The patch that I followed up with should now ensure that we do not
mark the attribute cache as up to date if there is a LAYOUTCOMMIT
pending.
IOW: when the pNFS write is done, it is expected to do 2 things:
1) mark the inode for LAYOUTCOMMIT
2) mark the attribute cache as invalid (because we know the change
attribute, mtime, ctime need to be updates)

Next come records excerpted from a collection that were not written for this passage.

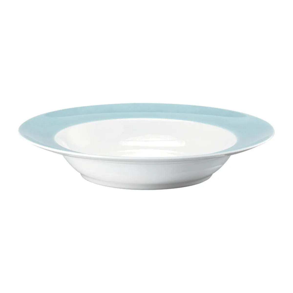 Der Suppenteller Sunny Day Soft Blue von besticht mit seiner Fahne, die Ihre Suppen und Eintöpfe mit einem zarten Blau umspielt. Das Kontrastspiel aus weißem Spiegel und blauer Umrandung wirkt in sich harmonisch und regt zum Zugreifen an.
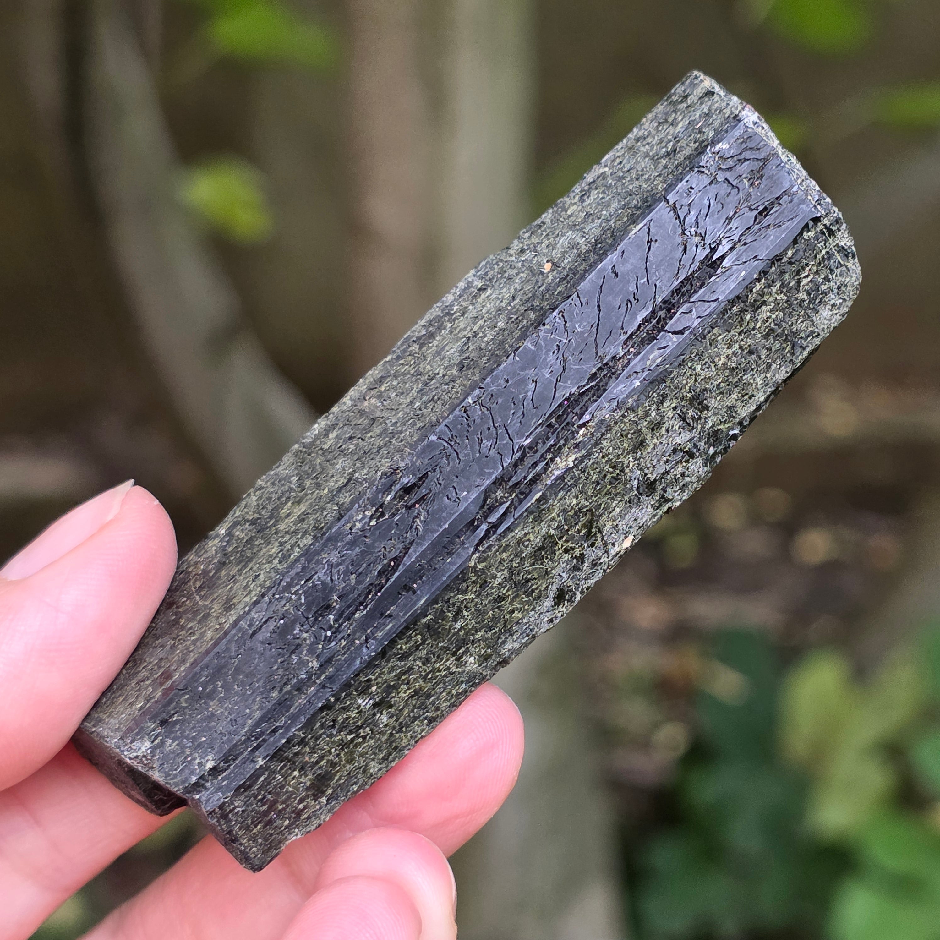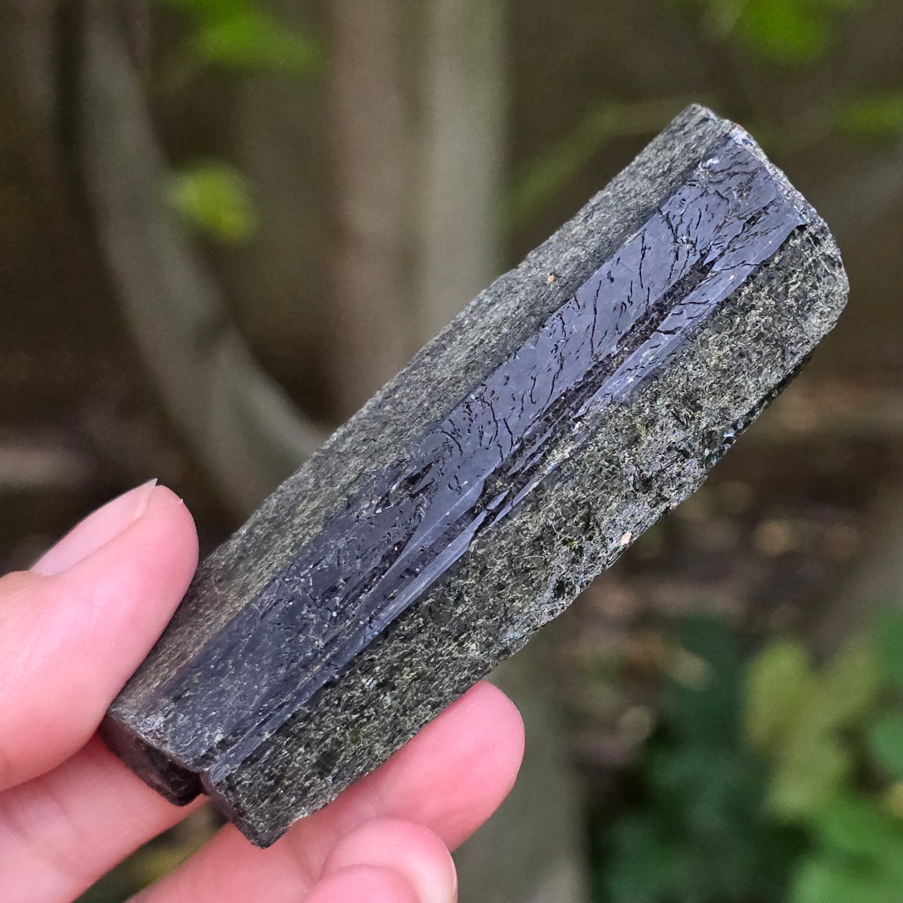 Fekete turmalin nyers kő L18, mérete: 8,5 * 2,5 * 2,5 cm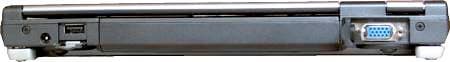 На ней расположен разъем питания, порт USB и порт VGA для подключения внешнего монитора. Обратите внимание: резиновые крышки, прикрывающие порты на тыльной стороне корпуса, приоткрыты мной специальным образом; на самом деле, крышки просто так не откидываются и эластично становятся на место после изъятия разъема.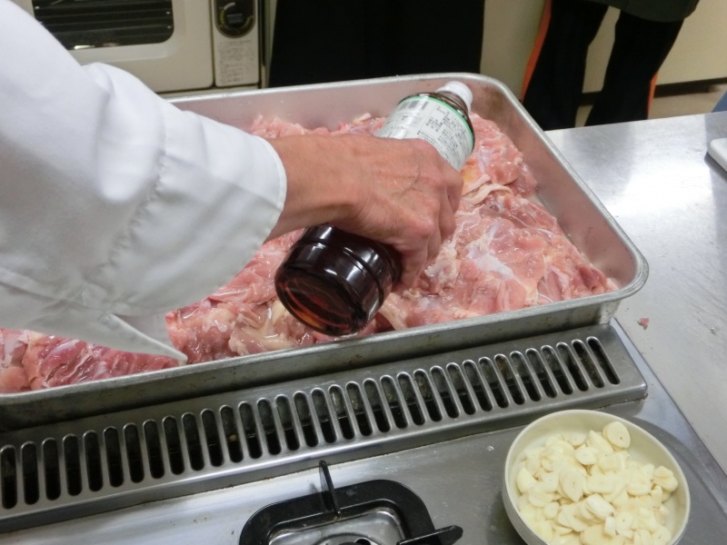 下味をつけています。酒・うすくち醤油・味の素・粉胡椒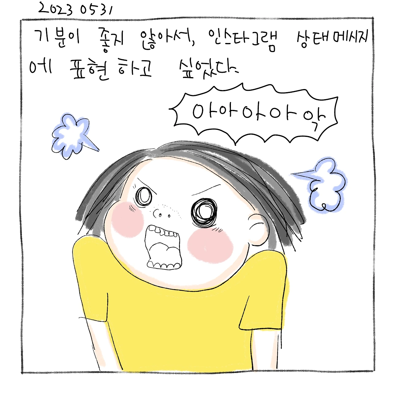 기분이 좋지 않아서 인스타그램 상태 메시지에 표현하고 싶었다.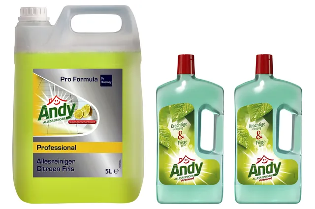 De vertrouwde, krachtige Andy formule neemt vuil en vet snel op en laat geen strepen achter.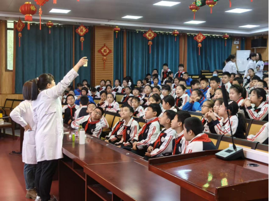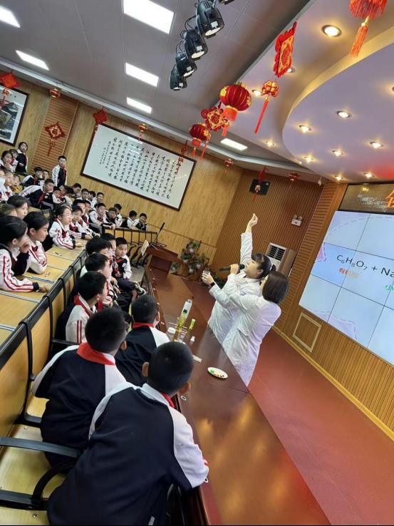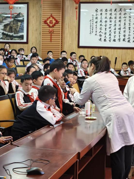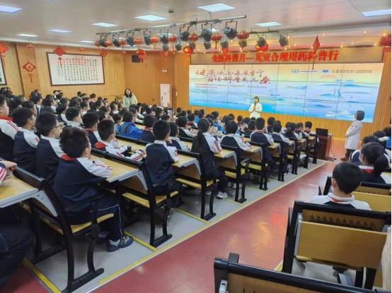 我院临床药学科曹小雨药师担任主讲专家。活动伊始,她以三个贴近生活的小故事作为引入,结合真实案例,用通俗易懂的语言向同学们阐释了安全用药的重要性。在随后的互动环节中,临床药师团队通过生动有趣的药学小实验,直观展示了错误服用泡腾片可能带来的风险,并现场演示了颗粒剂、干混悬剂及散剂等常见剂型的正确服用方法。同学们积极参与,现场气氛热烈。最后,药师们引导同学们辨识不同种类的药品,详细讲解处方药与非处方药的区别,以及正确服药的注意事项。孩子们认真聆听、踊跃发言,在轻松的氛围中逐渐熟悉了各类药品剂型,不再感到“陌生”。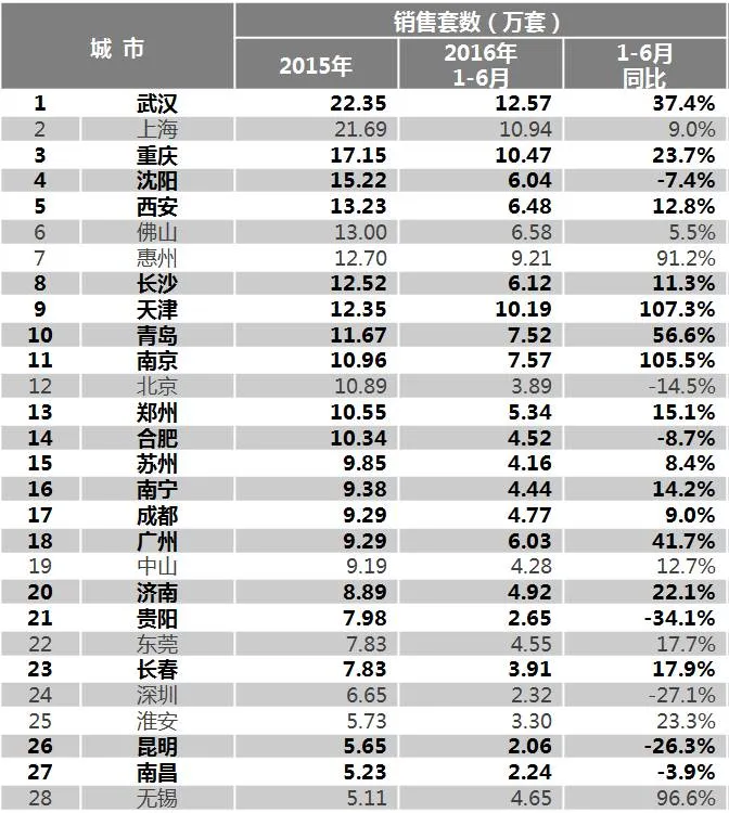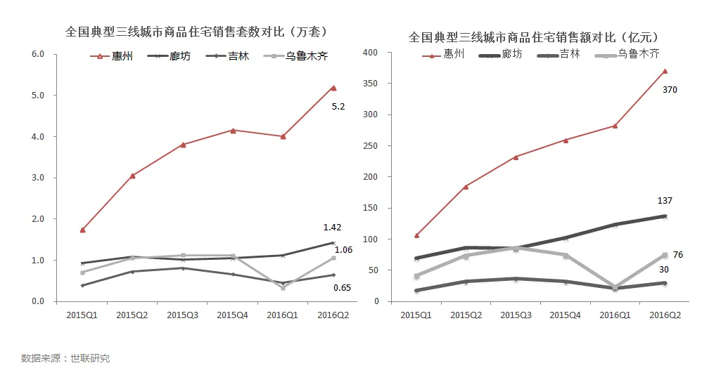 • 2016年1-6月,惠州商品住宅销售套数是吉林市的7倍,廊坊是乌鲁木齐的2倍;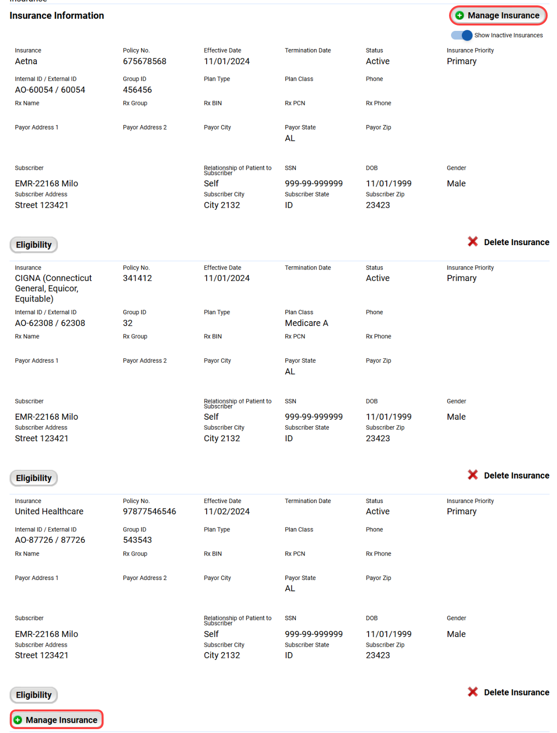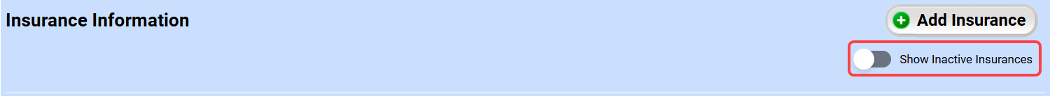 - Billing: Added a new Show Inactive Insurance toggle which allows users to show or hide inactive insurances on the facesheet. For more information, check out this article.

In the case of blocks pNFS write:
The call to pnfs_set_layoutcommit() in pnfs_ld_write_done() should
take care of (1)
The call to nfs_writeback_update_inode() in nfs4_write_done_cb()
should take care of (2).
Provided that these 2 calls are performed in the above order, then any
call to nfs_getattr() which has not been preceded by a call to
nfs4_proc_layoutcommit() should trigger the call to
__nfs_revalidate_inode().
I think the problem is that a following nfs_getattr() will fail to
notice
the size change in the case of a write_completion and layoutcommit
occuring
after nfs_getattr() has done pnfs_sync_inode() but before it has done
nfs_update_inode().
In the failing case there are two threads one is doing writes, the other
doing lstat on aio_complete via io_getevents(2).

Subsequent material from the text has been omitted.